**PROBLEM**: Go to the line holding "入口:资产清单 -> 添加资产 -> AI制作:选择局部AI处理、全部AI生成" in the data below and repeat it exactly, then each line after it up to and including the one holding "Carefully integrated into". Omit pictures.

**DATASET RECORDS**:

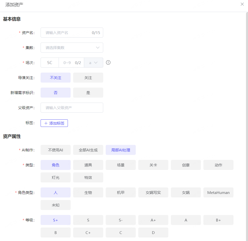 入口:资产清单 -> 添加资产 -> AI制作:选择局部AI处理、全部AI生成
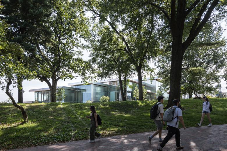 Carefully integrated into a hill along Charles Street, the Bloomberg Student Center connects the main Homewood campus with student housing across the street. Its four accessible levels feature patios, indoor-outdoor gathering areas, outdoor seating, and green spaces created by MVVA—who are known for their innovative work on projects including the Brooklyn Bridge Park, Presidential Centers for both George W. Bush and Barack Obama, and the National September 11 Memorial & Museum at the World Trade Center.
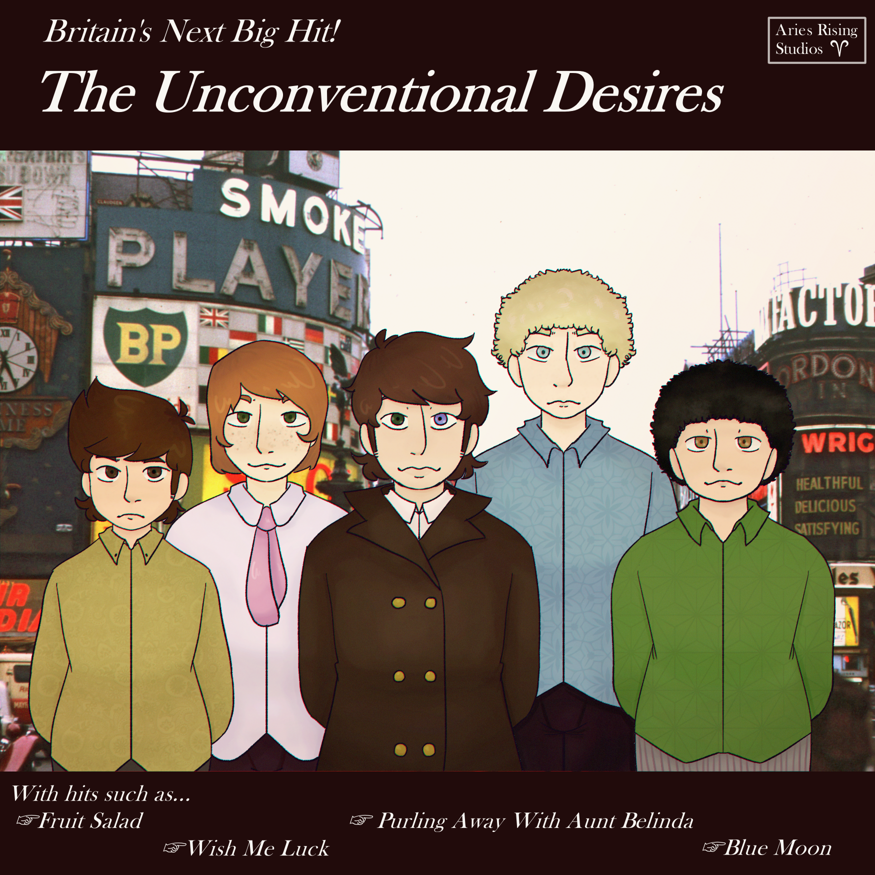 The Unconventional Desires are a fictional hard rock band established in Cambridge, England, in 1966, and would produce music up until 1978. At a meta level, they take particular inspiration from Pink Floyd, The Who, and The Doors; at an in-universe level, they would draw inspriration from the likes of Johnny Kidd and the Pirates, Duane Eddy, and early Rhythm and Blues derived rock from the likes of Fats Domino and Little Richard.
---
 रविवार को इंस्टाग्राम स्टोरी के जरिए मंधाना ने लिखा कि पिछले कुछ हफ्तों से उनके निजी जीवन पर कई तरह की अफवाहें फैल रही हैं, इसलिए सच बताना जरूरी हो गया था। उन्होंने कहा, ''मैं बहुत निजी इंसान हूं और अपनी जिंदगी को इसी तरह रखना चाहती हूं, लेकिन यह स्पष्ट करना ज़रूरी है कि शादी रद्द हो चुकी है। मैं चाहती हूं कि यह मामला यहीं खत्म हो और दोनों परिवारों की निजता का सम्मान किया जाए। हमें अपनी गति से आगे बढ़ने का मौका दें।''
--
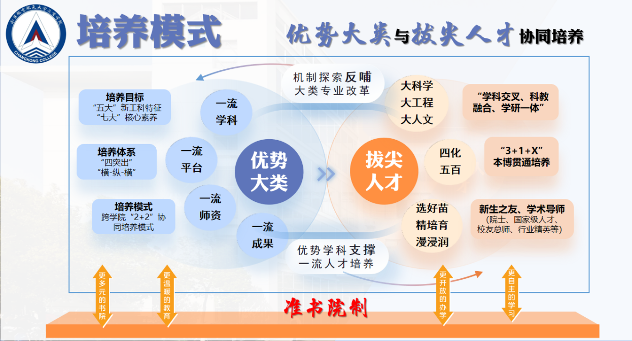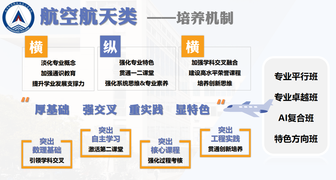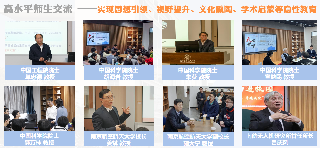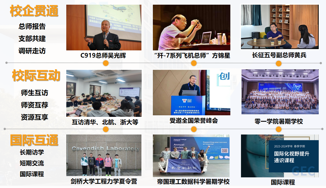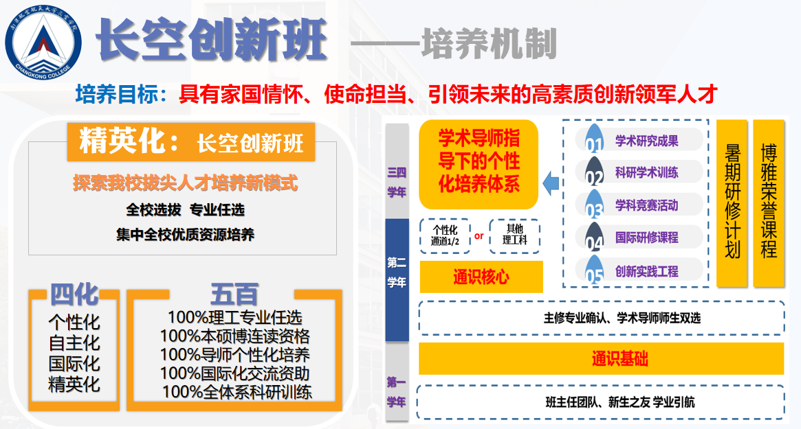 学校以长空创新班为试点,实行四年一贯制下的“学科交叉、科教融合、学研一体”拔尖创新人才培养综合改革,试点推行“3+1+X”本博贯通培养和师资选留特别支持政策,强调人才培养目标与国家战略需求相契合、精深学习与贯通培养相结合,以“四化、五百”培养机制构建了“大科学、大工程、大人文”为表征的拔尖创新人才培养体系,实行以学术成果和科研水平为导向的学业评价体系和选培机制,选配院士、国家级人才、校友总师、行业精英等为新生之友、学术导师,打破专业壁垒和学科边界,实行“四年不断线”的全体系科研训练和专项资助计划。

**ANSWER TO THIS EXERCISE**:
 入口:资产清单 -> 添加资产 -> AI制作:选择局部AI处理、全部AI生成
 Carefully integrated into a hill along Charles Street, the Bloomberg Student Center connects the main Homewood campus with student housing across the street. Its four accessible levels feature patios, indoor-outdoor gathering areas, outdoor seating, and green spaces created by MVVA—who are known for their innovative work on projects including the Brooklyn Bridge Park, Presidential Centers for both George W. Bush and Barack Obama, and the National September 11 Memorial & Museum at the World Trade Center.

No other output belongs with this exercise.